# Best range finder 250 dollar range



## singlesix (May 13, 2010)

I dont need a thousand yard range finder,or one that has the elevation feature. Im more interested in durability and something that may work for a couple of years. Tell me your opinions


----------



## bones44 (Jan 7, 2011)

I have a Leupold 650. Held it up side by side with several others and it was the best hands down for the money. Clear and quick. Holds up well to getting bounced around.


----------



## bar-d (Feb 3, 2010)

I have had a Bushnell for several years. Effective out to about 400 yds.


----------



## fr3db3ar (Aug 6, 2011)

I have a Leupold as well but can't remember the model off hand. It had balistic compensation built into it as an option.

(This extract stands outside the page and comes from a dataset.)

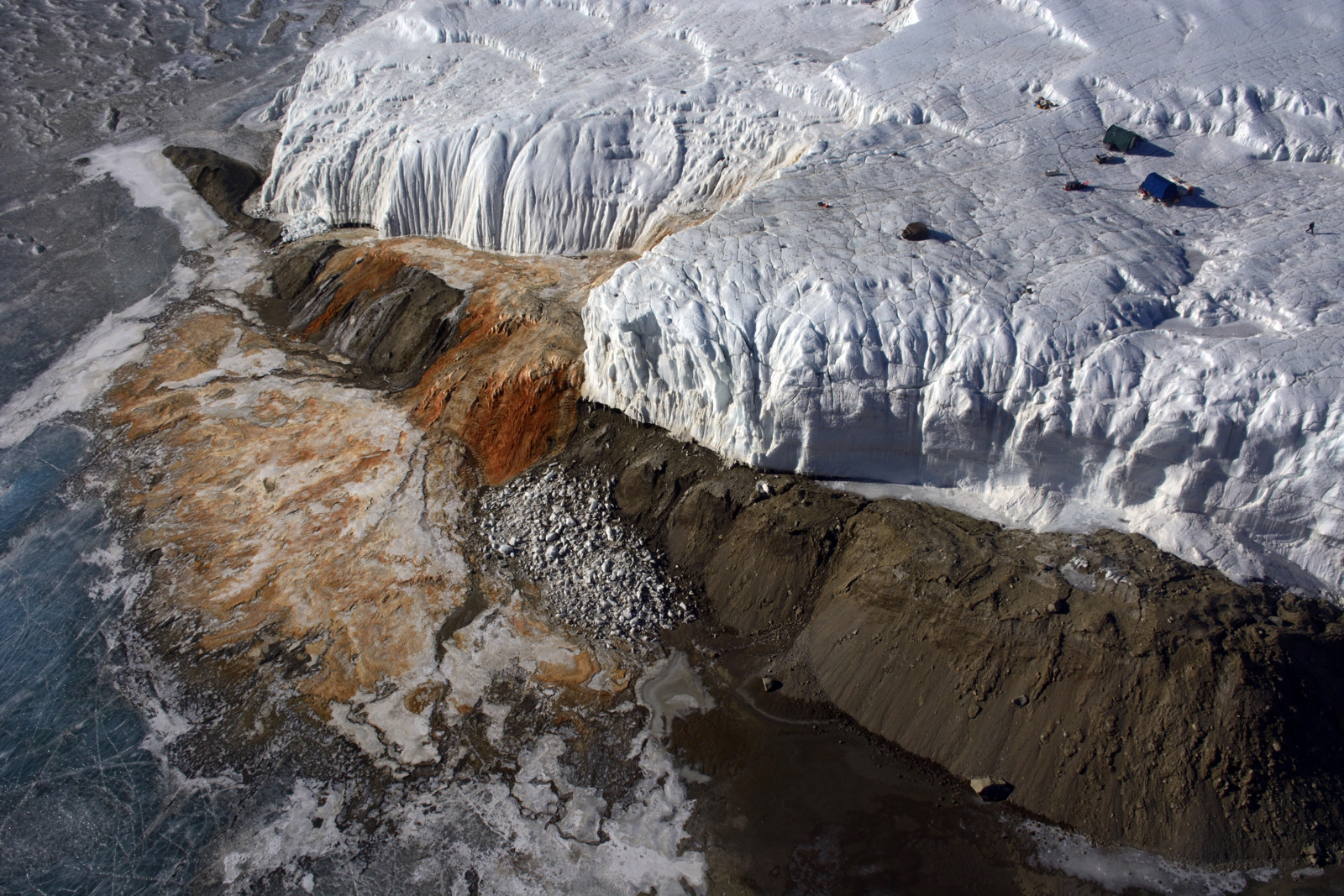 Pod antarktickým ledovcem Taylor se nachází uzavřené rezervoáry neuvěřitelně slané nezamrzající vody. Navíc je v ní uvězněn unikátní ekosystém bakterií, které tam žijí bez světla a téměř bez kyslíku už miliony let.

So far I've only tested it out to 600 yards.


----------



## singlesix (May 13, 2010)

Thanks for the replys, Looks like the redfield is 169.00 at midway but i do not think thier is enough people that have tried them out to get a good review, i did see a couple of reviews on you tube for it. Looks like it might be ok. Iv heard good things about the leupolds and bushnells too. The wifes giving me a 1000 dollars for play money and i have to get bullets, new scope, bla bla bla, MAN TOYS, so im trying to go cheap on the range finder and put more money on the scope.


----------



## bones44 (Jan 7, 2011)

Wow, sounds like a cool wife ! Don't blame you on wanting a better scope. I'm looking to upgrade mine too for my Savage 12FV. Darn things will set you back pretty good. Good luck and have fun shopping...LOL


----------



## youngdon (Mar 10, 2010)

Check the reviews on cabelas and Bass Pro and any other site that sells them. You'll get a lot more input that way.


----------



## singlesix (May 13, 2010)

youngdon said:


> Check the reviews on cabelas and Bass Pro and any other site that sells them. You'll get a lot more input that way.


I did that before i posted this, just wanted to see what you guys think I TRUST YOU GUYS!!!!!!


----------